[[ Dataset records open ]]

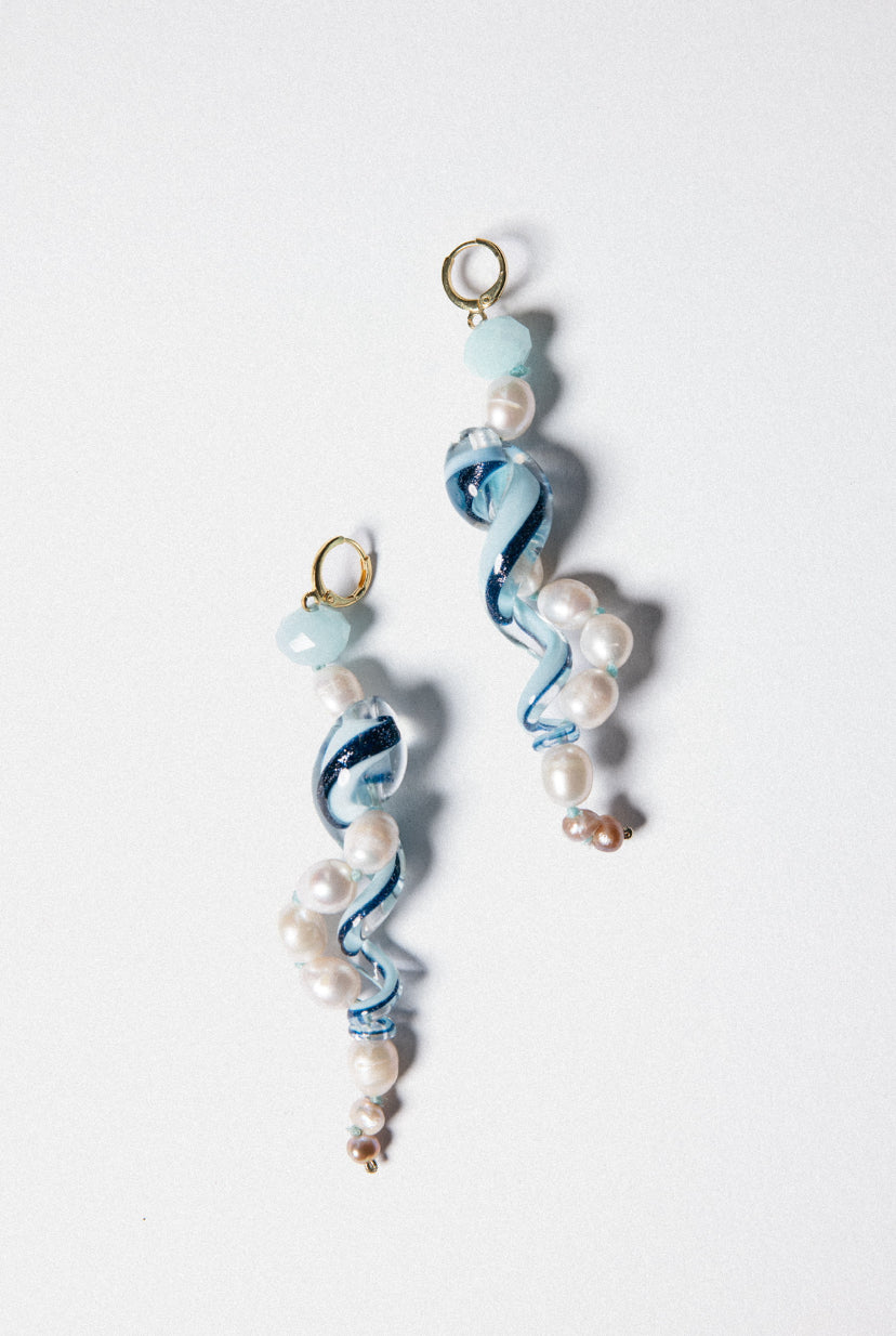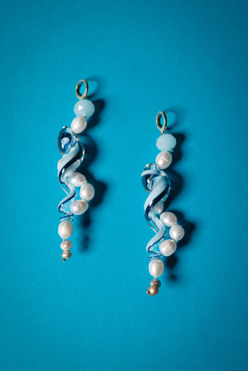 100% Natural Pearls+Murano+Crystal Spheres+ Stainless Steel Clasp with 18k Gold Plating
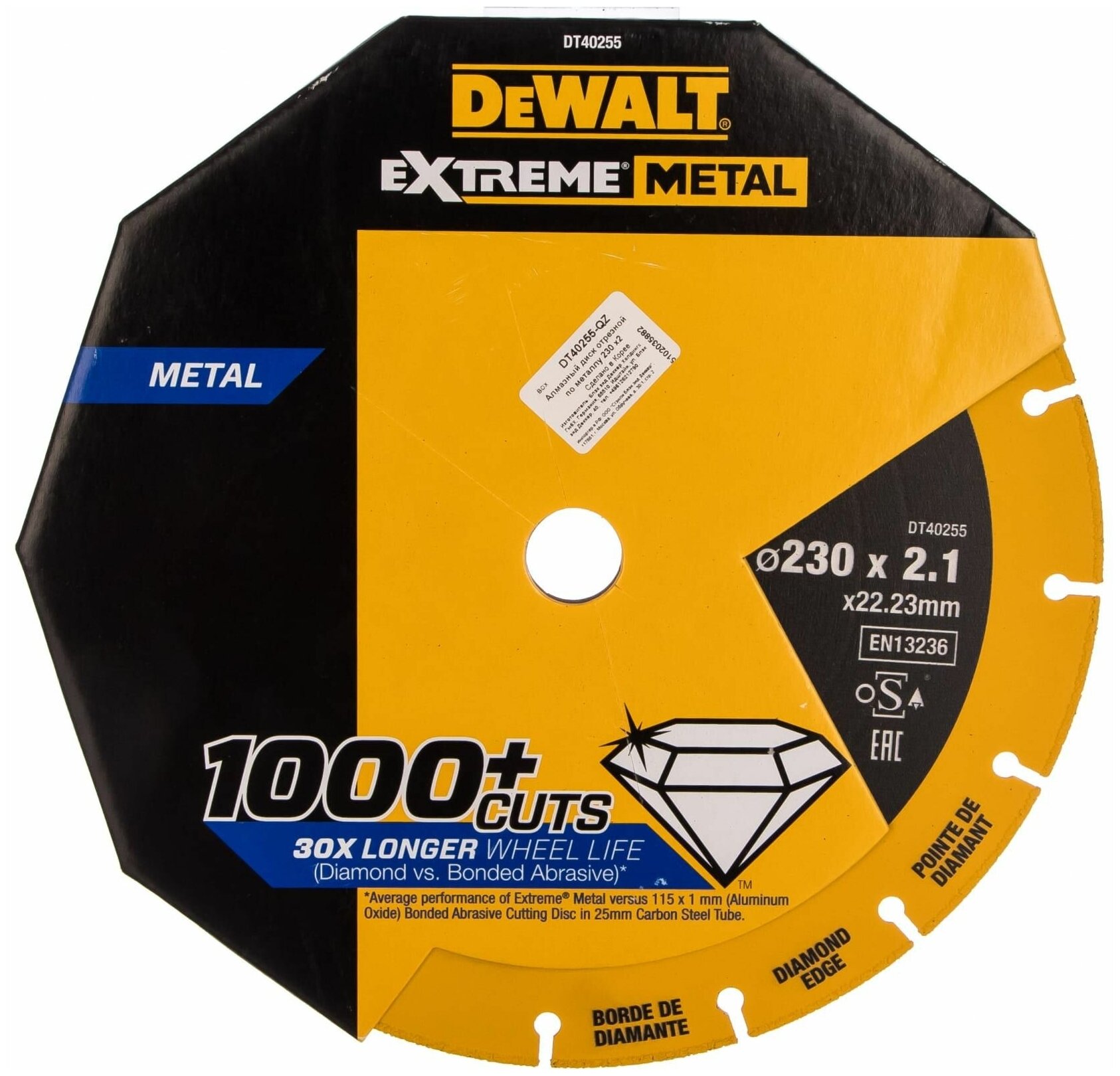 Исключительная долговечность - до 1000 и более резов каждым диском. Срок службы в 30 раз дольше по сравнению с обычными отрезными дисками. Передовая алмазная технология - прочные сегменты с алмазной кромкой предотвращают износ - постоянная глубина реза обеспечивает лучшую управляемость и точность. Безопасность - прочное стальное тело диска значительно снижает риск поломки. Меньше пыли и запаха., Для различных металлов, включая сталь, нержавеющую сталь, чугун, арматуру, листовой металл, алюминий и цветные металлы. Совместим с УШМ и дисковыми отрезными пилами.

[[ Dataset records closed ]]
[[ Dataset records open ]]

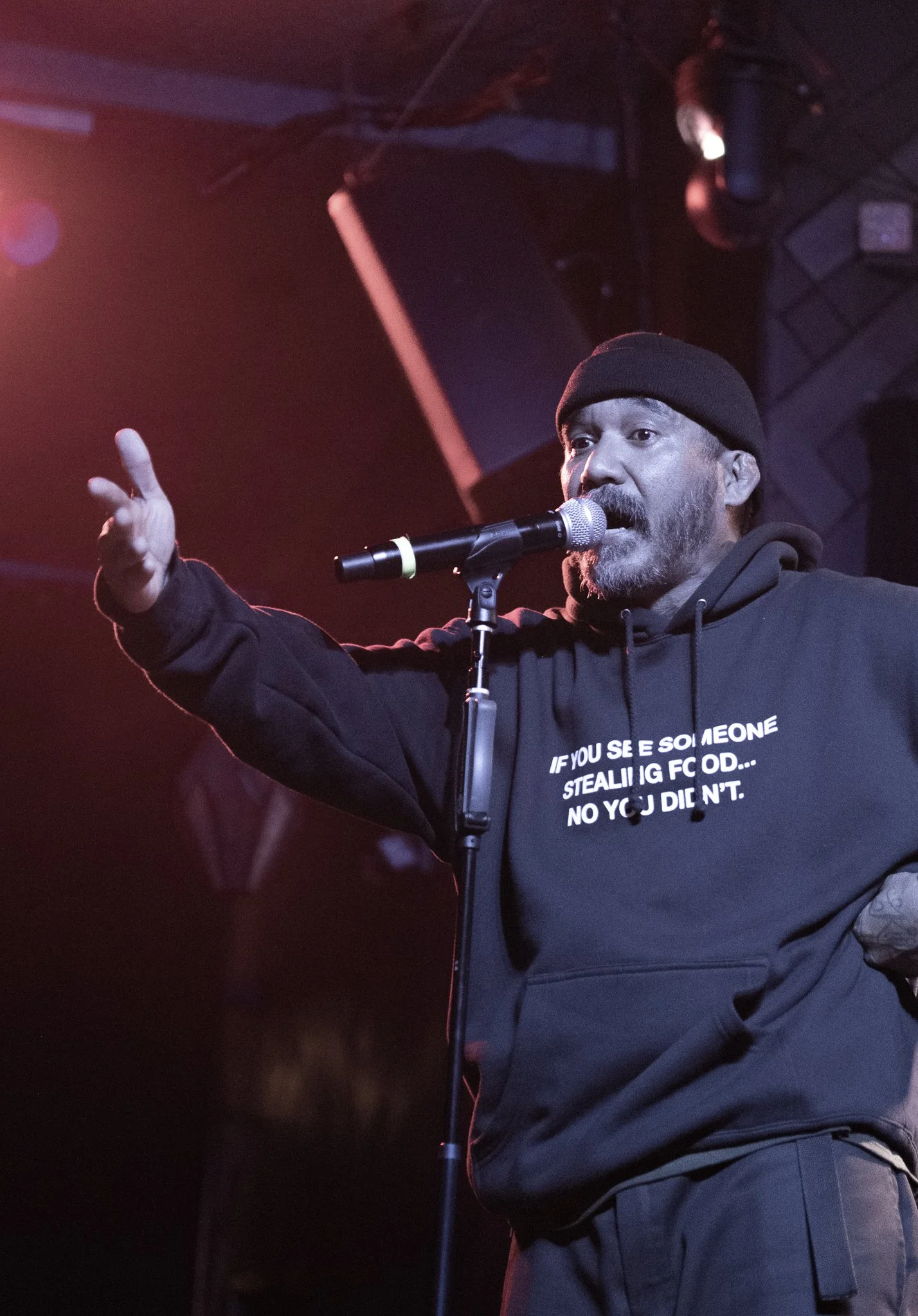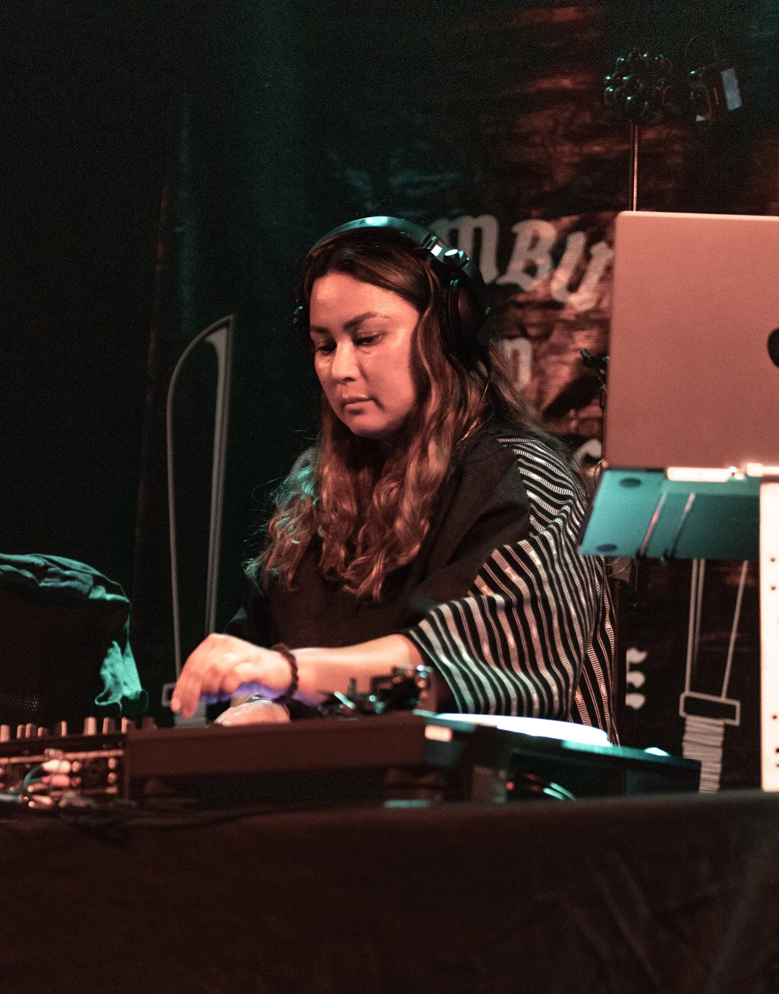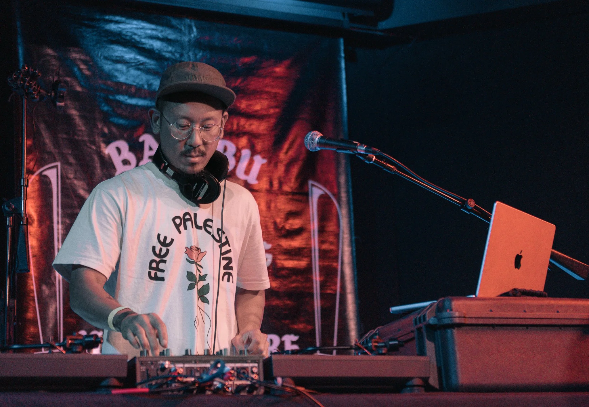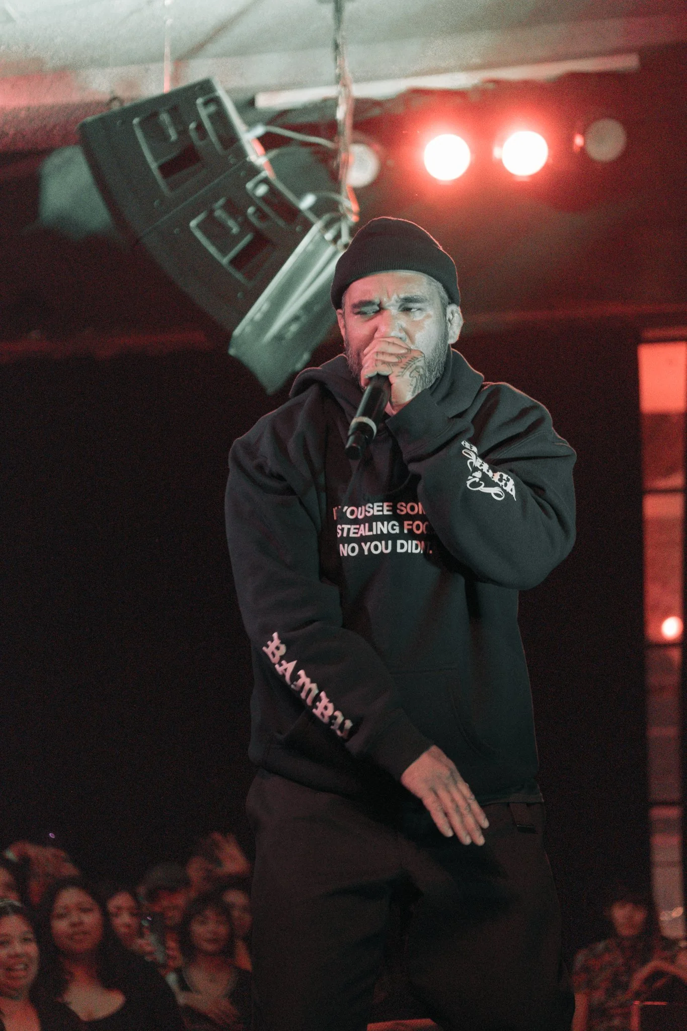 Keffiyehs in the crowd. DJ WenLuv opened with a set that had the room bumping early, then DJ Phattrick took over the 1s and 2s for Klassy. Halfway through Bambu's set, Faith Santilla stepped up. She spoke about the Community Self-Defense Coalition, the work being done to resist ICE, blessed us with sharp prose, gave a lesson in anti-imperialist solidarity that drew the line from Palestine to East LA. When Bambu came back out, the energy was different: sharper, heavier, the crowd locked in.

[[ Dataset records closed ]]
[[ Dataset records open ]]

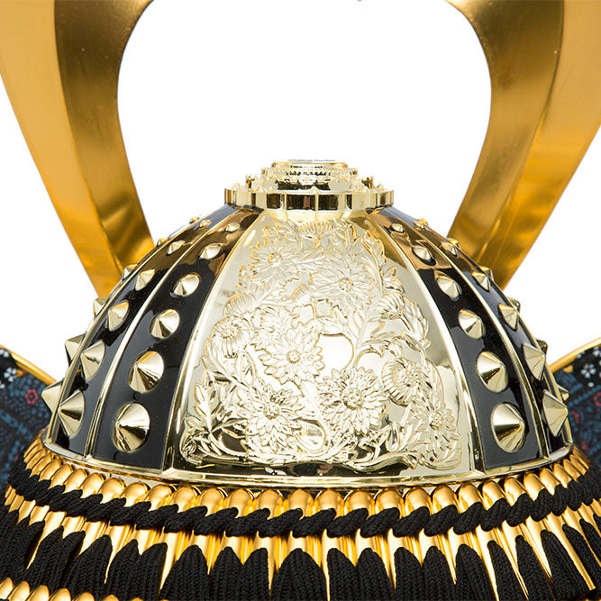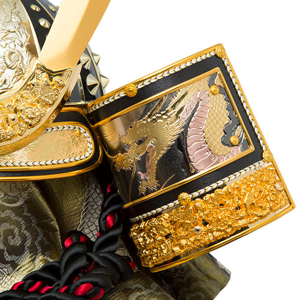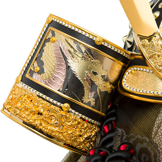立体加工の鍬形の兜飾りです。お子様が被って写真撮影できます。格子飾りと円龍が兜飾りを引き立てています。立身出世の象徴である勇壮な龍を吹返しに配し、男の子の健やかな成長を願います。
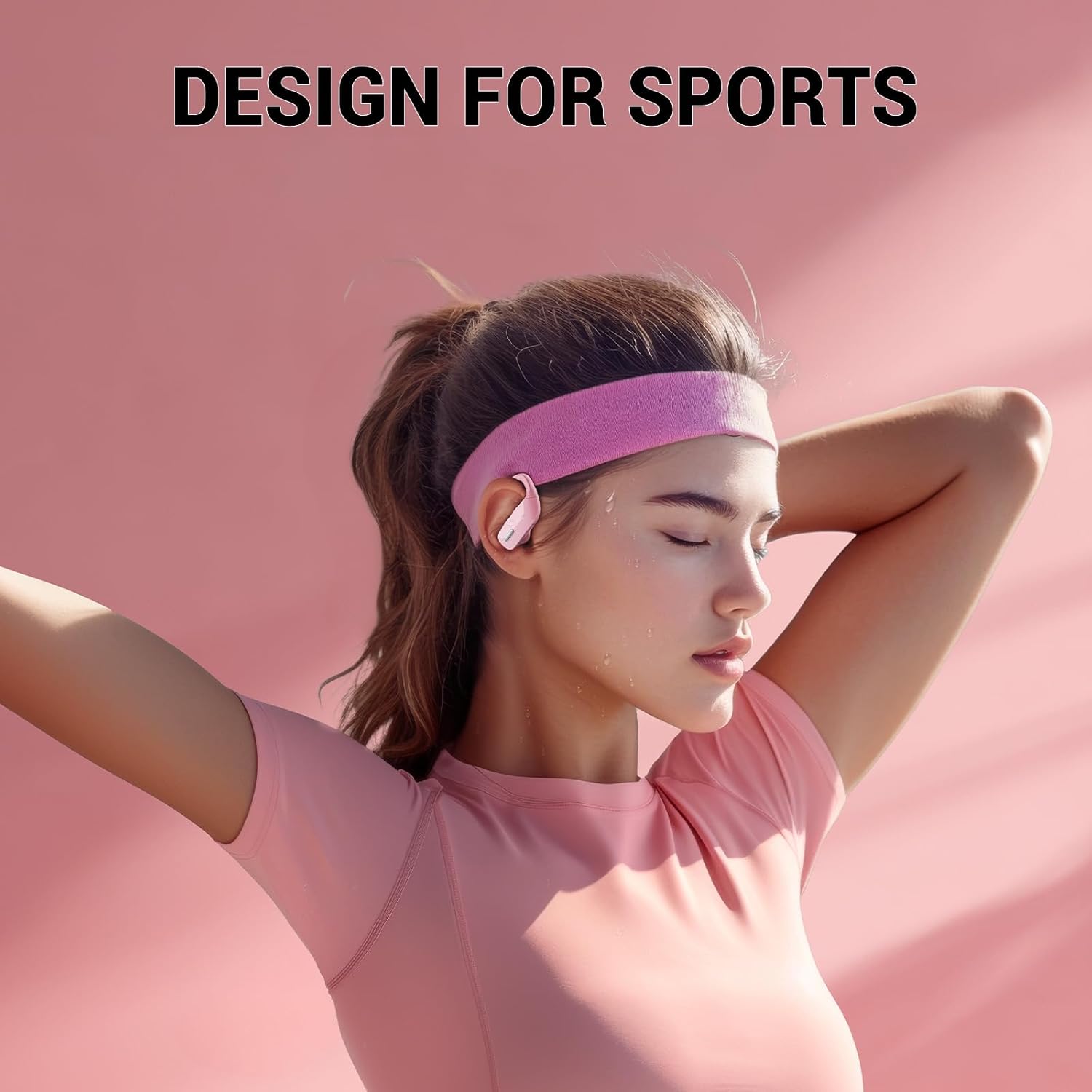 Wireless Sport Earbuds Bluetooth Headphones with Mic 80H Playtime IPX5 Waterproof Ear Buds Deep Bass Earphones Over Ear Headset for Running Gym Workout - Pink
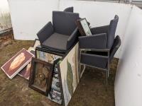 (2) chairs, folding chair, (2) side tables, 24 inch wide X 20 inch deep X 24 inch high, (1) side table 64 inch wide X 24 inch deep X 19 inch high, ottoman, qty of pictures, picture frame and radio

[[ Dataset records closed ]]

Task description ▸ Text only, no pictures: please print exactly the lines above from the line with "100% Natural Pearls+Murano+Crystal" up to and including the line with "Исключительная долговечность - до", and nothing else.

Response for this exercise ▸
 100% Natural Pearls+Murano+Crystal Spheres+ Stainless Steel Clasp with 18k Gold Plating
 Исключительная долговечность - до 1000 и более резов каждым диском. Срок службы в 30 раз дольше по сравнению с обычными отрезными дисками. Передовая алмазная технология - прочные сегменты с алмазной кромкой предотвращают износ - постоянная глубина реза обеспечивает лучшую управляемость и точность. Безопасность - прочное стальное тело диска значительно снижает риск поломки. Меньше пыли и запаха., Для различных металлов, включая сталь, нержавеющую сталь, чугун, арматуру, листовой металл, алюминий и цветные металлы. Совместим с УШМ и дисковыми отрезными пилами.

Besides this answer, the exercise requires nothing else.